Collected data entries
• • •

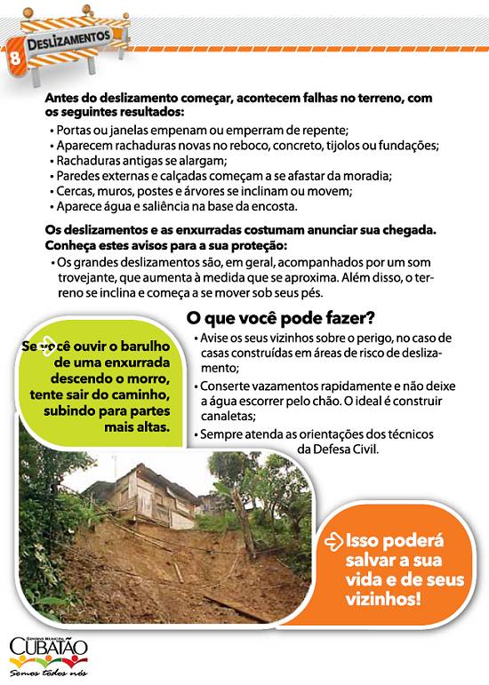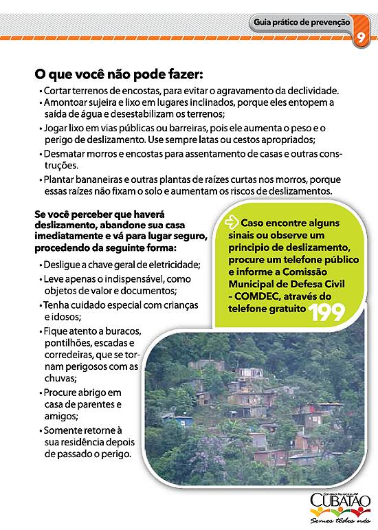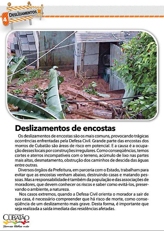 cartilha produzida para a Comdec pela Secretaria de Comunicação Social da Prefeitura de Cubatão, em novembro de 2010 |
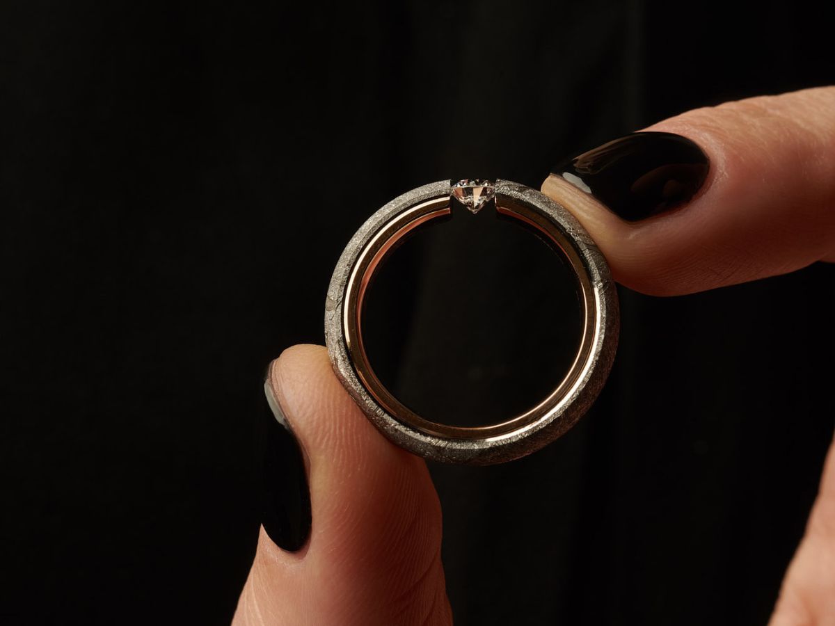 一顆名叫Seymchan的隕石於1967年在俄羅斯被發掘,Martinelis利用這顆獨特的網紋隕石打造戒指,戒指的內環和外環分別由14k金和隕石結合而成,十分適合別具個性的你。
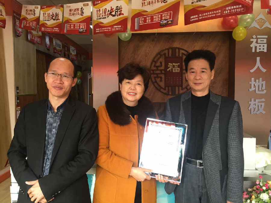 20161128日,由中林福人與福建電視臺經濟頻道《完全家裝》共同攜手的福人地板最美專賣店評選來到中國特色美麗城市---龍巖,福人地板銷售總監石開洪先生、福建大區經理洪鼎忠先生、市場部梅蔚軍先生、福建區域經理陳鏵先生參與此次活動。
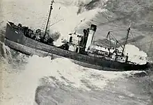 On 4 November 1963, Hautapu struck an unidentified object and was run aground off the Marlborough east coast, damaging the rudder, and was pulled towards the beach despite her being in full astern.[7] All eight crew members onboard survived. Following this there were attempts to salvage the Hautapu, but none would succeed. Hautapu was eventually salvaged on 29 April 1964, and was towed to Wellington. Once salvaged it was found vandals had stripped the vessel of most of her gear.[8] When Hautapu reached Wellington, she would be taken on to a slipway for inspection, to determine the fate of the ship. After the inspection she was declared a total loss as it was found the waves had damaged her structurally, with repair being considered futile.[4] As they owned the trawler Taiaroa (formerly HMNZS Waikato) New Zealand fisheries decided to keep Hautapu for spare parts for Taiaroa.[4] After two years Hautapu was offered to the Royal New Zealand Air Force (RNZAF) to be sunk, which they accepted.[4] She was to be towed by HMNZS Inverell, and attacked by de Havilland Vampire and English Electric Canberra jets.[9] Plans of sinking her were postponed after the MV Kaitawa sank with all hands lost, with the Inverell being sent to locate her wreck.[4] However, on 2 June 1966, Hautapu sank at Shelly Bay after a stern charge was detonated, which was placed there in case the RNZAF could not sink the Hautapu.[10] After the sinking, there was a legal dispute on who owned the wreck, with the RNZAF claiming that the New Zealand Fisheries Ltd still owned the wreck, and the New Zealand Fisheries Ltd claiming the RNZAF owned the wreck, resulting in a six-year legal battle.[11][10] In July 1972, after another gathering of officials, the Secretary of Defence would assist in removing the wreck of Hautapu, while denying ownership of her.[10] She was cut up in 1972–1973 by divers of the Royal New Zealand Navy, with the floating crane Hikitia raising the sections ashore to be scrapped.[10]
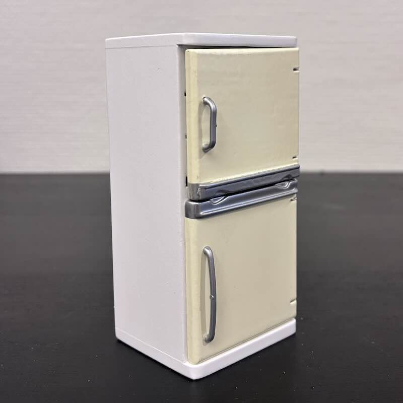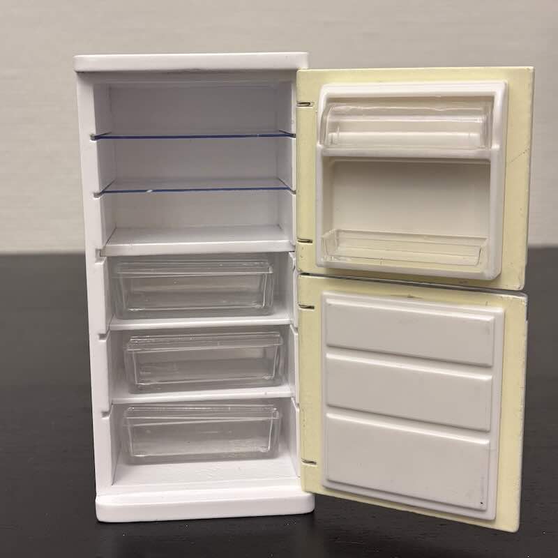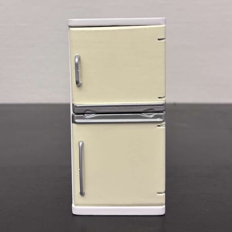 Ett kylskåp med frysdel i vit- och creme-lackerat trä. Har öppningsbara dörrar och på hyllplanen och i lådorna inne i kylskåpet kan du placera matvaror. Mått ca h 13,7 cm b 6,7 cm, d 5,6 cm.
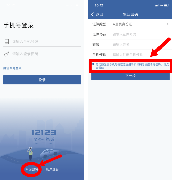 在“交管12123”手机APP上变更手机号码需要确保原手机号码能够收到验证码,方可办理变更联系方式。 如果忘记原手机号码或原手机号码无法收到短信验证码的话,可按以下步骤办理。 1、在登录“交管12123”手机APP首页,点击【找回密码】,点击【忘记原注册手机号码或原注册手机号码无法收短信】;
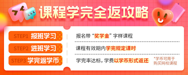 报名该奖学金班的学员,在统一关班前(如遇请假/延期,仍按统一关班时间考量),课件课学完率达到100%,并且直播课学完率达到80%,即可在关班后15个工作日内,返还报名时与实付金额等额的奖励学币(学币不可提现,可用于购买网校课程)。返还的奖励学币金额为扣除学习卡、优惠券、折扣、奖励学币等优惠后的最终实付金额(预先支付的定金及其他方式支付的金额均为实付金额)。
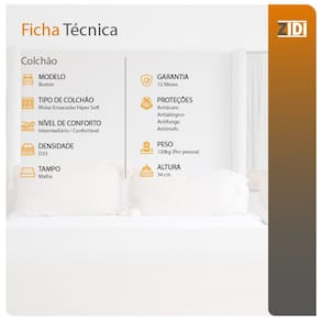 * CAMADAS DE ESPUMA INTERNA Espuma Densidade D33 - A densidade é a quantidade de matéria-prima utilizada para se fazer um colchão. Quanto maior a densidade, maior o suporte que esse colchão terá a pesos mais elevados. Hiper Soft - Espumas Hiper-macias- As espumas hiper-soft são caracterizadas por um toque inicial muito macio, baixa resistência à compressão. São normalmente fabricadas com densidades de 30 kg/m3 e como às viscoelásticas são usadas em aplicações de alto conforto, nas camadas superficiais de colchões
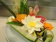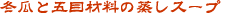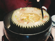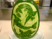 は余りありませんが、繊細な彫刻を施してテーブルの飾りとして出されたり、台湾では内部にひびかないように切り込みの浅い飾りが入れられたりすることもあります。また、冬瓜の食べ方には2通りのサービス方法があります。ひとつは、ある程度スープがなくなると、その部分の冬瓜を大きく切って別皿に盛り、塩を振ってスプーンで身をすくいとって食べます。もう1種類は、冬瓜の肉を削り取りスープの具として、スープと一緒に小碗に取り分けるのです。
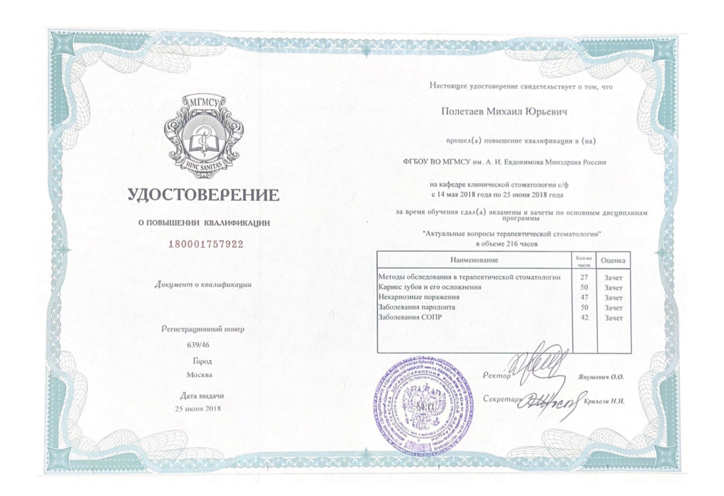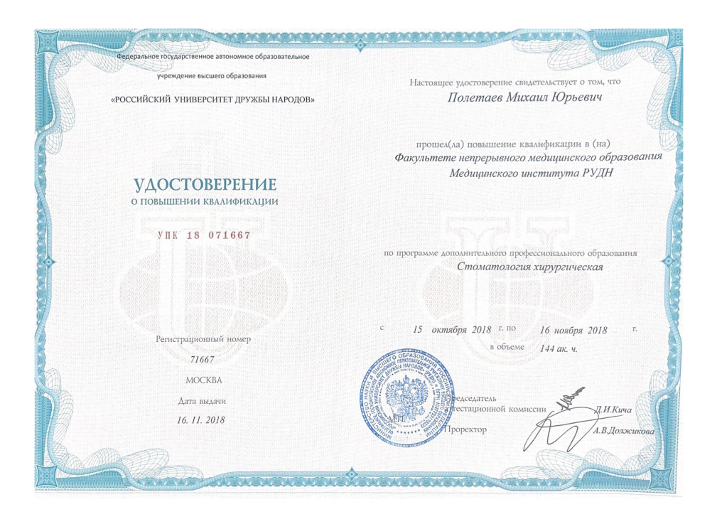 Врач Полетаев Михаил Юрьевич, Москва, регион Московская область и г. Москва, работает по специальности стоматолог, является врачом-стоматологом, принимает в клинике Стоматологический центр «УЛЫБКА+». Стаж работы врача составляет 6 лет.
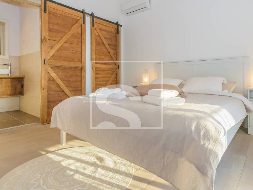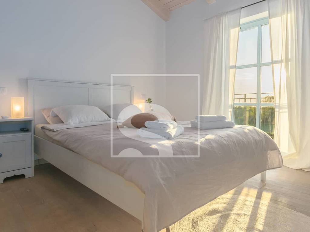 The exterior of the villa is equally impressive. At the center of the garden there is a swimming pool with a sunbathing area, equipped with a saltwater system (salinator) that allows for more natural and comfortable water maintenance. A covered lounge area is perfect for enjoying warm summer days. The landscaped garden is fully enclosed by a traditional stone wall, further emphasizing the authentic character of the property while ensuring privacy and security.
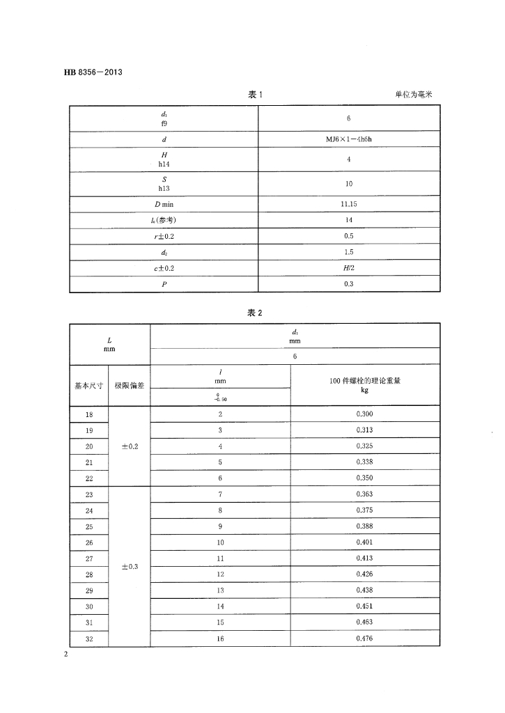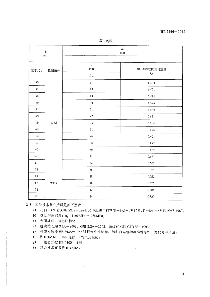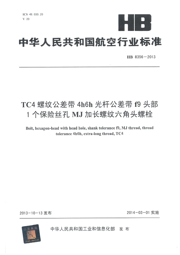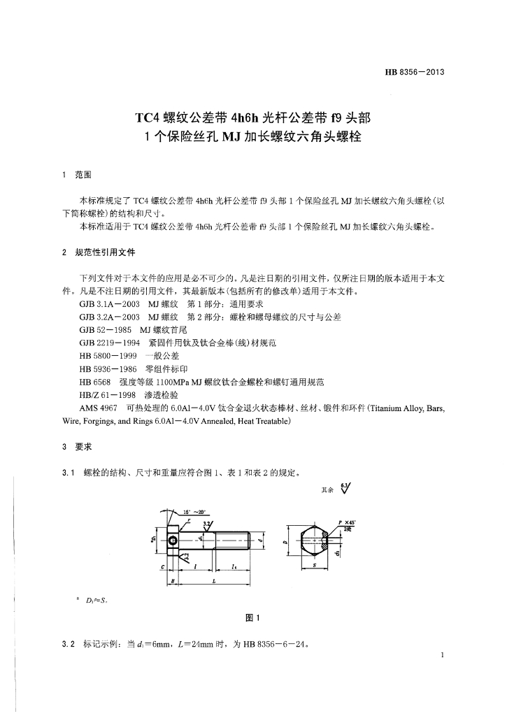 HB 8356-2013 TC4螺纹公差带4h6h光杆公差带f9头部1个保险丝孔MJ加长螺纹六角头螺栓
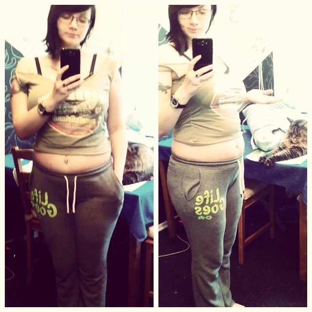 Ну кыскан у вас деловой!Сразу видно хозяин)))Радуйтесь,что животик небольшой,с большим ооочень неудобно,не знаешь как лечь и тем более встать с кровати...
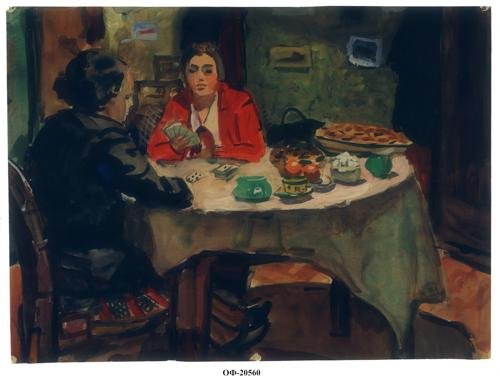 Композиция горизонтального формата, изображен интерьер квартиры с накрытым круглым чайным столом, за которым две женщины играют в карты. Слева сидит правым боком к зрителю на стуле с высокой спинкой женщина в черном платье с длинными рукавами. Напротив, за столом изображена в фас женщина в красной кофте с белым отложным воротником, держащая в правой руке веер из карт. Стены зеленые, справа изображен темно-коричневый шкаф.
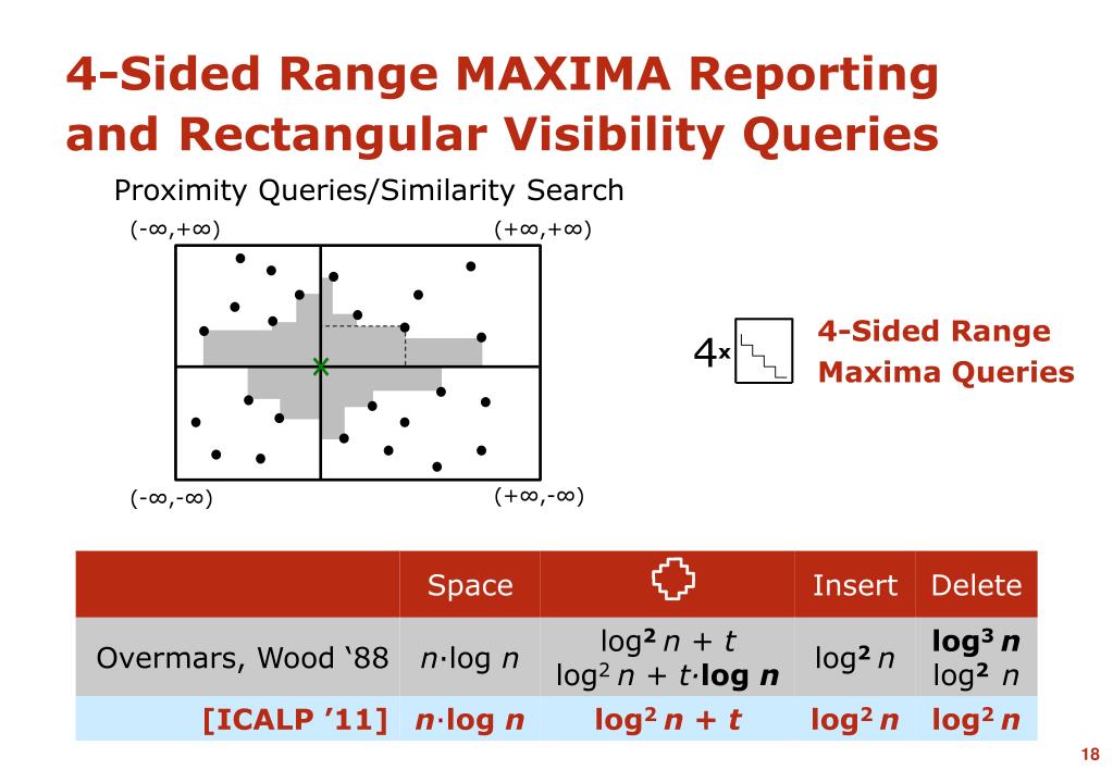 4-Sided Range MAXIMA Reporting andRectangular Visibility Queries Proximity Queries/Similarity Search (-∞,+∞) (+∞,+∞) 4-Sided Range Maxima Queries 4x (+∞,-∞) (-∞,-∞)

• • •

**YOUR GOAL:** For this exercise, transcribe the data above line by line, exactly, with pictures omitted.

**WRITTEN SOLUTION:**
 cartilha produzida para a Comdec pela Secretaria de Comunicação Social da Prefeitura de Cubatão, em novembro de 2010 |
 一顆名叫Seymchan的隕石於1967年在俄羅斯被發掘,Martinelis利用這顆獨特的網紋隕石打造戒指,戒指的內環和外環分別由14k金和隕石結合而成,十分適合別具個性的你。
 20161128日,由中林福人與福建電視臺經濟頻道《完全家裝》共同攜手的福人地板最美專賣店評選來到中國特色美麗城市---龍巖,福人地板銷售總監石開洪先生、福建大區經理洪鼎忠先生、市場部梅蔚軍先生、福建區域經理陳鏵先生參與此次活動。
 On 4 November 1963, Hautapu struck an unidentified object and was run aground off the Marlborough east coast, damaging the rudder, and was pulled towards the beach despite her being in full astern.[7] All eight crew members onboard survived. Following this there were attempts to salvage the Hautapu, but none would succeed. Hautapu was eventually salvaged on 29 April 1964, and was towed to Wellington. Once salvaged it was found vandals had stripped the vessel of most of her gear.[8] When Hautapu reached Wellington, she would be taken on to a slipway for inspection, to determine the fate of the ship. After the inspection she was declared a total loss as it was found the waves had damaged her structurally, with repair being considered futile.[4] As they owned the trawler Taiaroa (formerly HMNZS Waikato) New Zealand fisheries decided to keep Hautapu for spare parts for Taiaroa.[4] After two years Hautapu was offered to the Royal New Zealand Air Force (RNZAF) to be sunk, which they accepted.[4] She was to be towed by HMNZS Inverell, and attacked by de Havilland Vampire and English Electric Canberra jets.[9] Plans of sinking her were postponed after the MV Kaitawa sank with all hands lost, with the Inverell being sent to locate her wreck.[4] However, on 2 June 1966, Hautapu sank at Shelly Bay after a stern charge was detonated, which was placed there in case the RNZAF could not sink the Hautapu.[10] After the sinking, there was a legal dispute on who owned the wreck, with the RNZAF claiming that the New Zealand Fisheries Ltd still owned the wreck, and the New Zealand Fisheries Ltd claiming the RNZAF owned the wreck, resulting in a six-year legal battle.[11][10] In July 1972, after another gathering of officials, the Secretary of Defence would assist in removing the wreck of Hautapu, while denying ownership of her.[10] She was cut up in 1972–1973 by divers of the Royal New Zealand Navy, with the floating crane Hikitia raising the sections ashore to be scrapped.[10]
 Ett kylskåp med frysdel i vit- och creme-lackerat trä. Har öppningsbara dörrar och på hyllplanen och i lådorna inne i kylskåpet kan du placera matvaror. Mått ca h 13,7 cm b 6,7 cm, d 5,6 cm.
 在“交管12123”手机APP上变更手机号码需要确保原手机号码能够收到验证码,方可办理变更联系方式。 如果忘记原手机号码或原手机号码无法收到短信验证码的话,可按以下步骤办理。 1、在登录“交管12123”手机APP首页,点击【找回密码】,点击【忘记原注册手机号码或原注册手机号码无法收短信】;
 报名该奖学金班的学员,在统一关班前(如遇请假/延期,仍按统一关班时间考量),课件课学完率达到100%,并且直播课学完率达到80%,即可在关班后15个工作日内,返还报名时与实付金额等额的奖励学币(学币不可提现,可用于购买网校课程)。返还的奖励学币金额为扣除学习卡、优惠券、折扣、奖励学币等优惠后的最终实付金额(预先支付的定金及其他方式支付的金额均为实付金额)。
 * CAMADAS DE ESPUMA INTERNA Espuma Densidade D33 - A densidade é a quantidade de matéria-prima utilizada para se fazer um colchão. Quanto maior a densidade, maior o suporte que esse colchão terá a pesos mais elevados. Hiper Soft - Espumas Hiper-macias- As espumas hiper-soft são caracterizadas por um toque inicial muito macio, baixa resistência à compressão. São normalmente fabricadas com densidades de 30 kg/m3 e como às viscoelásticas são usadas em aplicações de alto conforto, nas camadas superficiais de colchões
 は余りありませんが、繊細な彫刻を施してテーブルの飾りとして出されたり、台湾では内部にひびかないように切り込みの浅い飾りが入れられたりすることもあります。また、冬瓜の食べ方には2通りのサービス方法があります。ひとつは、ある程度スープがなくなると、その部分の冬瓜を大きく切って別皿に盛り、塩を振ってスプーンで身をすくいとって食べます。もう1種類は、冬瓜の肉を削り取りスープの具として、スープと一緒に小碗に取り分けるのです。
 Врач Полетаев Михаил Юрьевич, Москва, регион Московская область и г. Москва, работает по специальности стоматолог, является врачом-стоматологом, принимает в клинике Стоматологический центр «УЛЫБКА+». Стаж работы врача составляет 6 лет.
 The exterior of the villa is equally impressive. At the center of the garden there is a swimming pool with a sunbathing area, equipped with a saltwater system (salinator) that allows for more natural and comfortable water maintenance. A covered lounge area is perfect for enjoying warm summer days. The landscaped garden is fully enclosed by a traditional stone wall, further emphasizing the authentic character of the property while ensuring privacy and security.
 HB 8356-2013 TC4螺纹公差带4h6h光杆公差带f9头部1个保险丝孔MJ加长螺纹六角头螺栓
 Ну кыскан у вас деловой!Сразу видно хозяин)))Радуйтесь,что животик небольшой,с большим ооочень неудобно,не знаешь как лечь и тем более встать с кровати...
 Композиция горизонтального формата, изображен интерьер квартиры с накрытым круглым чайным столом, за которым две женщины играют в карты. Слева сидит правым боком к зрителю на стуле с высокой спинкой женщина в черном платье с длинными рукавами. Напротив, за столом изображена в фас женщина в красной кофте с белым отложным воротником, держащая в правой руке веер из карт. Стены зеленые, справа изображен темно-коричневый шкаф.
 4-Sided Range MAXIMA Reporting andRectangular Visibility Queries Proximity Queries/Similarity Search (-∞,+∞) (+∞,+∞) 4-Sided Range Maxima Queries 4x (+∞,-∞) (-∞,-∞)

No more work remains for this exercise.